虚馬ダイアリー

「窓の外」のブログ

「ベガスの恋に勝つルール」

toshi202008-08-19

監督 : トム・ヴォーン
脚本 : デイナ・フォックス


 同じニューヨークで、一方は仕事をクビになってヤケクソになった職人と、一方は尽くしたあげくに男に振られて傷心のOL。それぞれ二人組でベガスで憂さ晴らしに来たら、ホテルのダブル・ブッキングで鉢合わせ。ホテルに豪華スイートルームに部屋替えさせ、なおかつVIPチケットをゲットした4人。だが、酔いつぶれて気がついてみると、二人は夫婦になっていた。
 互いに別れ話をしようとしたその時、たまたま「間」をもたせるためにやっていたスロットが大当たり。クビになっていた男がその総額300万ドルを独り占めしようとしたため、女の方は婚姻を盾に折半を主張。裁判沙汰にまで持ち込んだが、裁判長の気まぐれからふたりはその300万ドルを凍結された挙げ句、金のために半年間の強制的な結婚生活を強いられることになるのだが・・・。


 
 スクリューボール・コメディを目指した、というより、どっちかっつーとシットコムというのが正しい気がする。あらすじを読んで「「フレンズ」(言わずとしれたシットコムの人気シリーズ)でこんな話あったなー」と思ったら、ノリがまさに「フレンズ」みたいだったのでビックリだったんだけど。どうにもこう、ふたりが小競り合いを繰り広げるための「シチューション」立てが雑なため、いまひとつ入り込めず。
 しかも、諍いの原因がほんとに子供のケンカレベルで、「あーあ」と思いながら見てしまう。しかもその動機がほとんど「金」がらみというのも、変に生々しくて笑いを削ぐ。くだらないのに、笑えない、というのが一番やっかいで、どうにも反応に困る。

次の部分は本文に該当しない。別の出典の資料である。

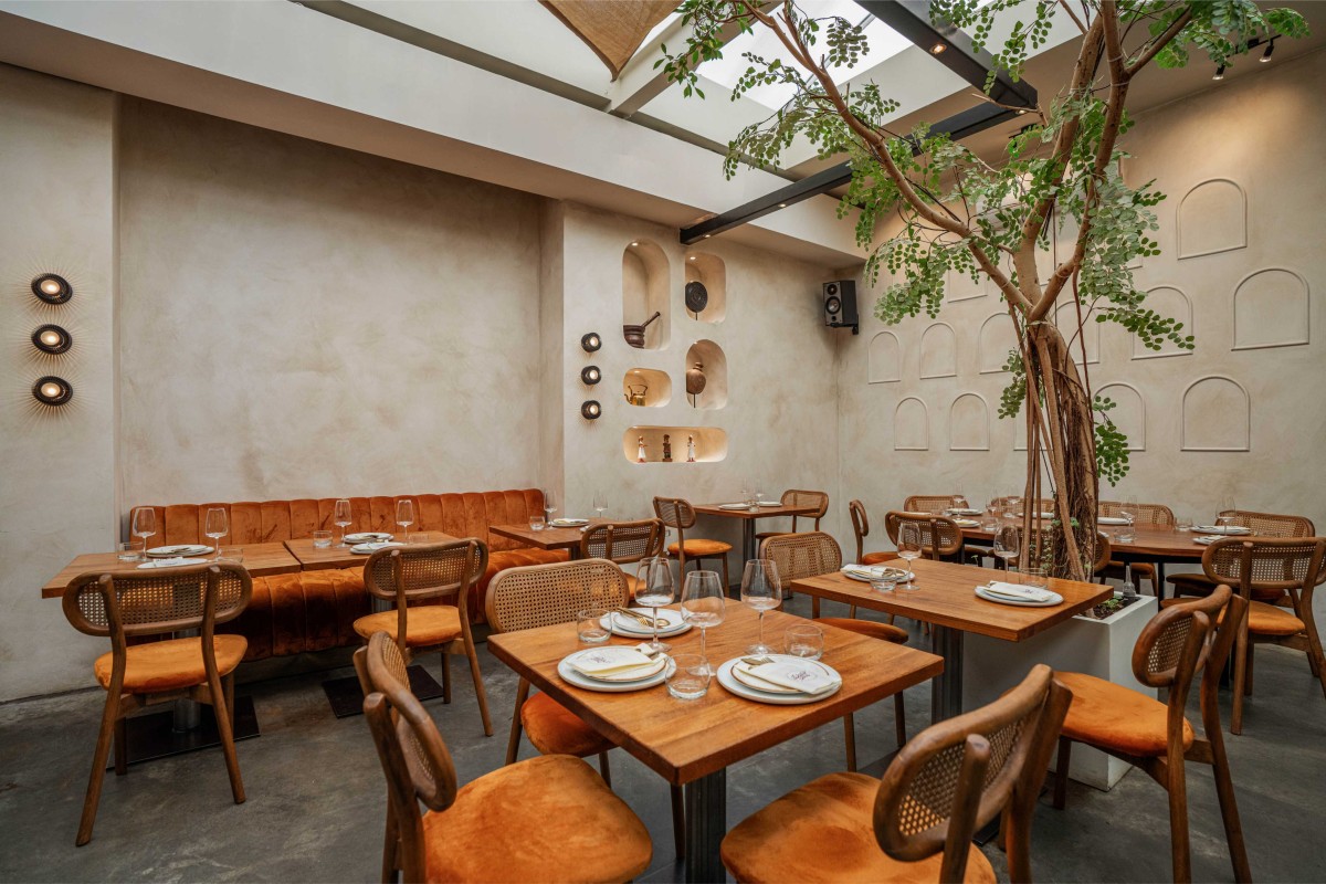 At the heart of the restaurant lies a skylit courtyard — an open, meditative space where a slender tree rises gracefully towards the light. The dappled sunlight streaming through fabric canopies evokes the gentle warmth of an Indian afternoon, transforming the act of dining into a sensory experience. For Studio Knest, this element became the soul of the design — a modern-day reinterpretation of the Indian courtyard, where nature and community seamlessly coexist.
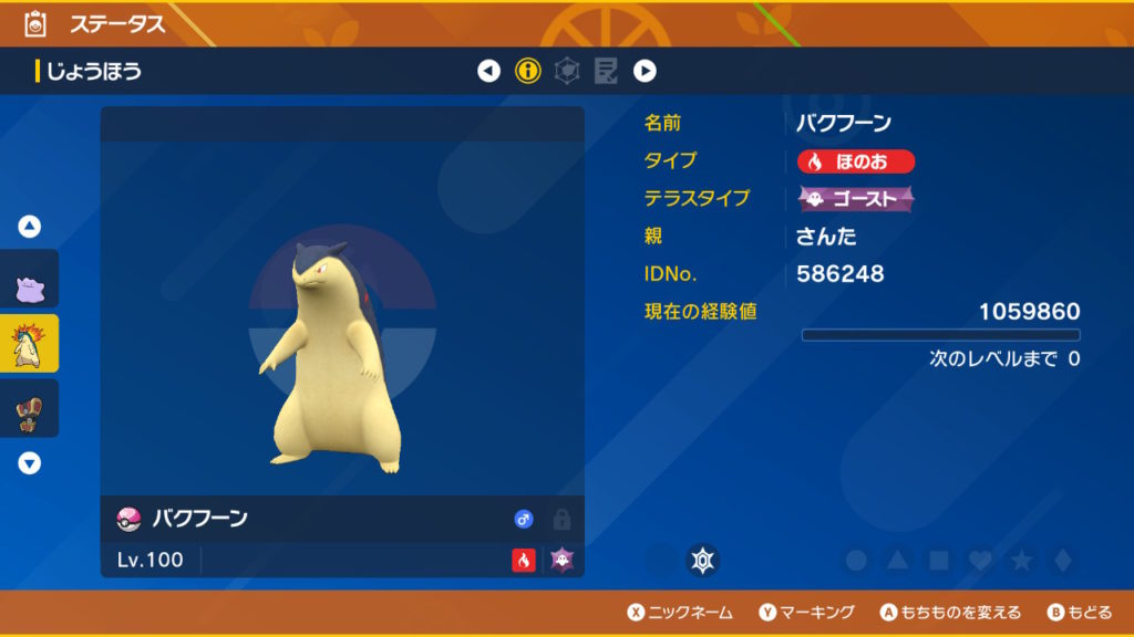こうすることで、ふんどのこぶしの火力が増すのと、バクフーンが使ってくるじゃれつくとじしんがほぼほぼ効かなくなる。
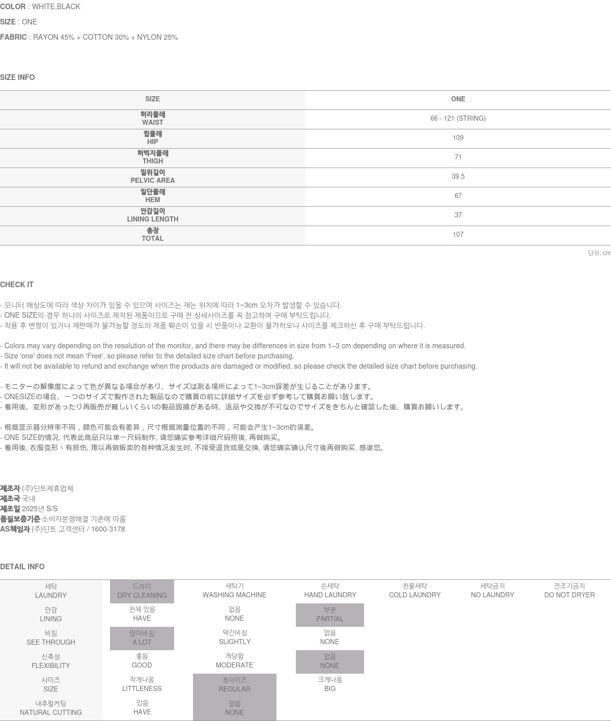 Clothing from DINT Co., Ltd. may become damaged or deformed if machine washed or tumble dried. We strongly recommend following the care instructions provided below.
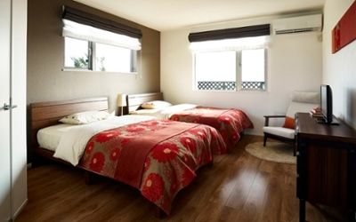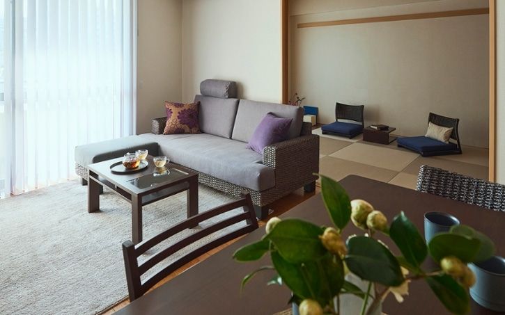 「リヤド」とは噴水や緑のある中庭が付いたモロッコならではのお洒落な邸宅風ホテル。モロッコの大地を感じるアースカラーの色使いと、ドライな空気感を演出するざっくりとした風合いのあるヒヤシンス素材のソファが印象的なインテリアコーディネート。リヤドで過ごすモロッカンリゾートのゆったりとしたひと時を演出します。
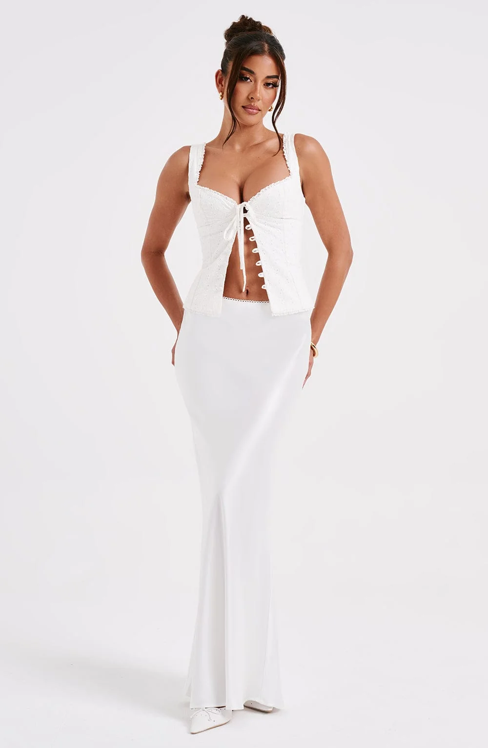 Discover the elegance of the Ivory Bias Cut Maxi Skirt crafted from premium non-stretch satin. This classic and chic piece sits higher on the waist, featuring a scalloped trim for a sophisticated touch. The skirt is cut on the bias to provide a graceful drape over your body, while the invisible zipper ensures a seamless finish. Elevate your style with this versatile piece, perfect for any occasion. Color: Ivory. Length: Maxi. Available sizes: XXL, XS, L, XL, S, M.
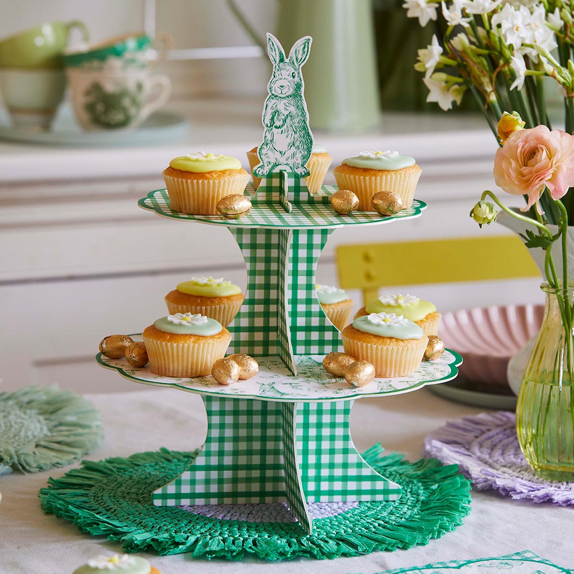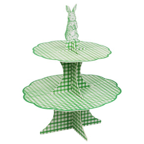 This exquisitely decorated scalloped cake stand will look like a mini work of art displayed in store. The double sided green and white design allows customer to choose from a whimsical Toile du Jouy print or gorgeous gingham, both topped with a loveable bunny rabbit. It will make quite the showstopper displaying sweet and savoury treats at tea parties and Easter soirees.
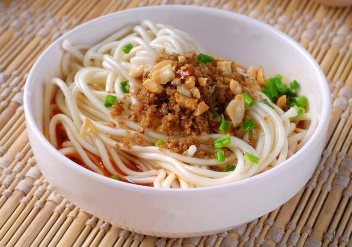 5、在面上放置肉酱,撒上葱花,放上青菜,放置花生碎,肉酱上放置香菜即可。

 出だしの「ありえなさ」は許容範囲でも、そこから始まる「同居生活」自体はもっと地に足つけたレベルに落ち着けないと、共感するまでには至らない、ただのバカ騒ぎになってしまう。シットコムの国なんだから、もっと巧く料理できる人間もいたろうに、どうにも空回りに次ぐ空回りで落ち着かない。ふたりが徐々に惹かれていく過程だってもうちょい丁寧に伏線を張ってくれりゃあいいのに、どうにもこう「百年の恋も冷める」ようなケンカばっかりで、説得力が感じられない。
 ・・・やはり、この映画の最大のネックは、当初の二人の動機が「金」であり、そして同居後も、金のために相手を出し抜こうとするような浅ましい話になってしまうのが、最大の問題で、そういう業を描くのはいいが、そこに恋愛を絡めるのは少々無理が出てくる。


 嘘の結婚生活、というシチュエーションだけでも、かなり面白く料理できそうなのに、変にスクリューボール・コメディにこだわったせいで、どうにも落ち着かない映画になってしまった。終盤のまとめ方は悪くないが、そこに行くまでがあまりにも雑で、素直に感じ入ることが出来なかったのが、残念。(★★)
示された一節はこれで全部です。